Growing interconnectedness increases the need for improved tools and lexicon to manage ethnic, cultural and identity differences effectively and to prevent conflicts between groups.1 Minorities and diverse groups often face health disparities rooted in cultural, racial or historical social factors.2–5 Three related concepts address this issue: cultural safety emphasises the reduction of cultural assault6; interculturality promotes collaborative solutions using diverse knowledges7 and antiracism promotes racial equity.8 Defining and measuring the impacts of these approaches is challenging due to overlapping meanings and outcomes. Many systematic reviews have identified the need for interventions around these topics and offered action guidelines, but there is no consensus on tools for measuring impact.2 9–49

Māori nurses in New Zealand first proposed the concept of cultural safety to emphasise that healthcare services provided to Indigenous groups should not perpetuate colonial attitudes, but rather respect traditional identities and cultures.6 Cultural safety is sometimes incorrectly confused with cultural humility, cultural sensitivity, cultural awareness or other approaches for cross-cultural relationships without clear boundaries.31 50 51 Several Indigenous groups have expressed the need for medical services that are free from discrimination, allowing them to feel spiritually, socially, emotionally and physically secure.52–54 Culturally safe care is often expressed as respect, self-reflexivity of providers, trust in health providers or self-determination of Indigenous groups.31 Changes in these parameters are difficult to measure. Furthermore, cultural safety is highly context-specific and depends on patients’ views, which makes it difficult to define at a general level.55 An emerging consensus is that cultural safety is about the patient’s experience and requires a respectful engagement that recognises and strives to address power imbalances inherent in the healthcare system, leading to an environment where people feel safe when receiving healthcare.56

Related to cultural safety but with important differences, Indigenous groups in Latin America advocate for intercultural models that integrate their traditional knowledge and practices with the health services they receive.7 Interculturality has political and structural implications because it is a social proposal based on equity, diversity and pluralism with a stronger expression of indigenous self-determination and control over the governance of their territories and communities.57 The concept of interculturality promotes dialogue between diverse people by acknowledging and respecting our shared human dignity, thus helping us to articulate our identities positively and constructively.1 Interculturality in healthcare acknowledges the presence of intricate traditional knowledge systems that can interact with Western knowledge to identify preventative or therapeutic options and, ultimately, improve health.58 The content of intercultural interventions, however, often varies in approach, which reflects differing interpretations of the concept.59

Exclusion and disrespect can arise due to cultural differences.
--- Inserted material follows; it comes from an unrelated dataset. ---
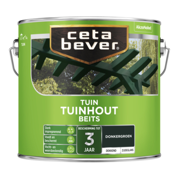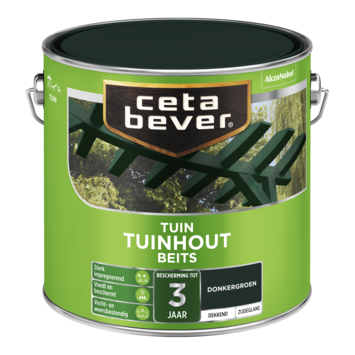 CetaBever Tuinhoutbeits zijdeglans dekkend donkergroen 2,5 liter heeft een sterk impregnerende werking is vochtregulerend, waterafstotend en beschermt het hout van binnen uit. CetaBever Dekkend Tuinhoutbeits is uiterst geschikt voor bescherming van hard- en zachthouten pergola’s, speeltoestellen en ander tuinhout zoals tuinmeubilair en schuttingen. Wij leveren deze beits in mengverf zodat je elke gewenste kleur kunt bestellen, dus ook kleuren van Flexa, Sikkens en Sigma.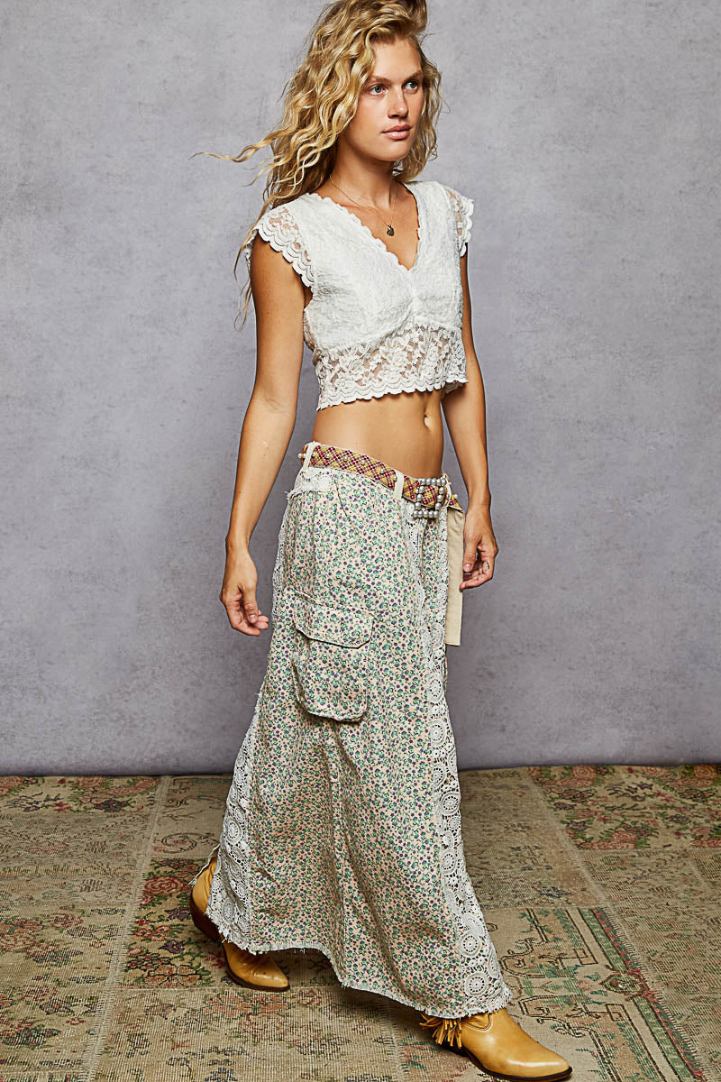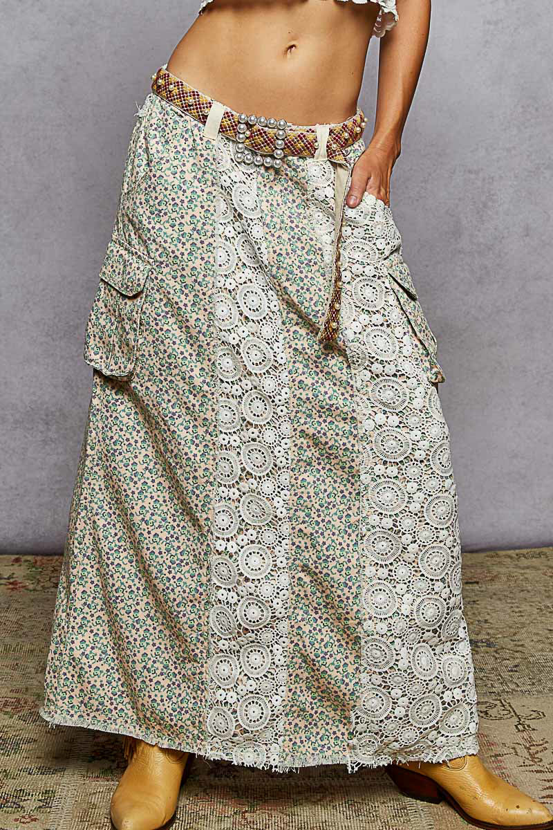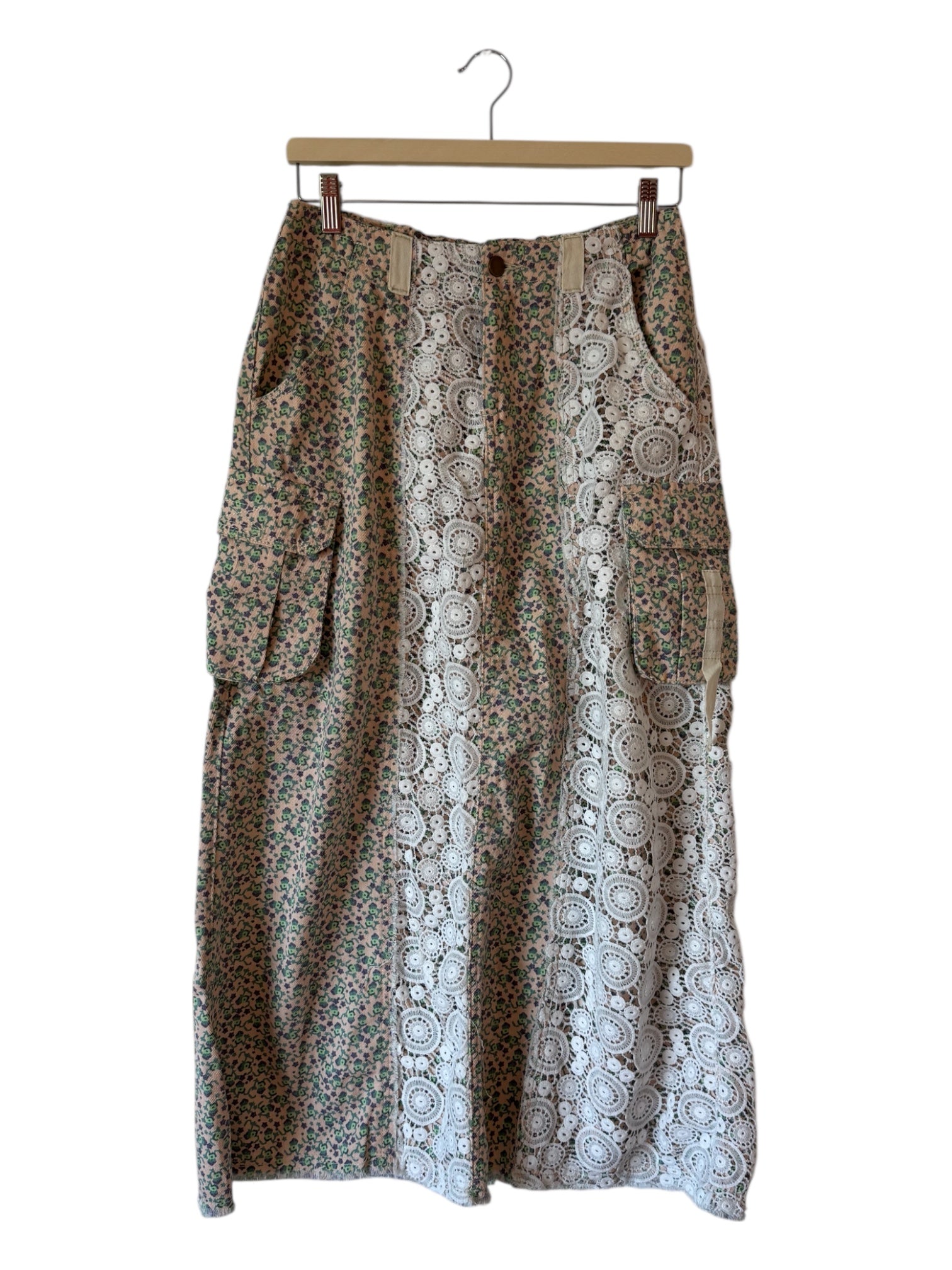 Designed in A-body denim skirt with crochet, patch, pockets, vintage washing, solid color

They may also arise because of individual expressions of personal bias, prejudice and the structural factors that perpetuate discrimination. Racism systematically reflects and reinforces behaviours, beliefs, racial prejudices, practices and policies based on race, ethnicity, culture or religion that operate to advantage those with historical power.60 The negative effects of racism in healthcare are well documented,41 61 but there is much less literature on interventions to stop racism or to reverse its effects.62 With considerable geographical variability,63 antiracism encompasses thinking patterns and actions aimed at combating racism and fostering equality among races and ethnic groups. Viewed in this light, antiracism is closely allied to cultural safety and interculturality.57 64–66

Cultural safety, interculturality and antiracism can affect healthcare on individual, organisational, community and system levels, and we should be able to evaluate their impact on the experiences of service providers and patients. The very definition of cultural safety that people feel safer, implies communities should be involved in assessing impact. Communities must also discuss the social space for change and what they can contribute to the process. Yet a history of oppression can sometimes result in oppressed communities justifying and normalising culturally unsafe services. Intersectionality adds a layer of complexity to measuring change, with individual and structural racism often linked with gender, socioeconomic or migratory status. People with diverse gender identities and sexual orientations have also advocated for culturally safe care in their context.67 68

The rationale for this review

Familiarity with cultural safety is growing in New Zealand, Australia, Canada and the USA.28 In Latin America and Europe, interculturality is a more common and related concept.59 69 Healthcare providers and governments have increasingly committed to integrating these principles into their services.70–72 Yet there is no consensus about how to build culturally safe medical practices.55 73 74 Several literature reviews and at least ten additional PROSPERO registrations address cultural safety. These reviews focus on describing culturally safe interventions for specific health issues,9–16 how to improve healthcare practices (medicine, nursing, midwifery),17–23 eHealth applications,24 the presence of cultural safety in health research,25 narrative descriptions of what cultural safety is26–32 and the experiences of beneficiaries.33 34 A limited literature on intercultural approaches to health emphasises communication issues.35–39 In contrast, multiple reviews summarise observational studies of the health consequences of racism.2 40 41 A fairly strong literature on antiracism goes back to the 1970s,42 initially on the education of active citizens in a multicultural and global society for their involvement in social justice.43–45 A recent survey characterised antiracist interventions for mental health equity across the USA state government administrative organisations.75 In healthcare education, more recent reviews report an emphasis on skills to address cultural conflicts rather than antiracist approaches.45 They report interventions for training nurses and social workers,46–48 but with some overlap in the operational definition of antiracism and culturally safe or sensitive approaches.49 We have not found systematic reviews exclusively focused on experimental studies to measure changes from interventions inspired by either of these approaches.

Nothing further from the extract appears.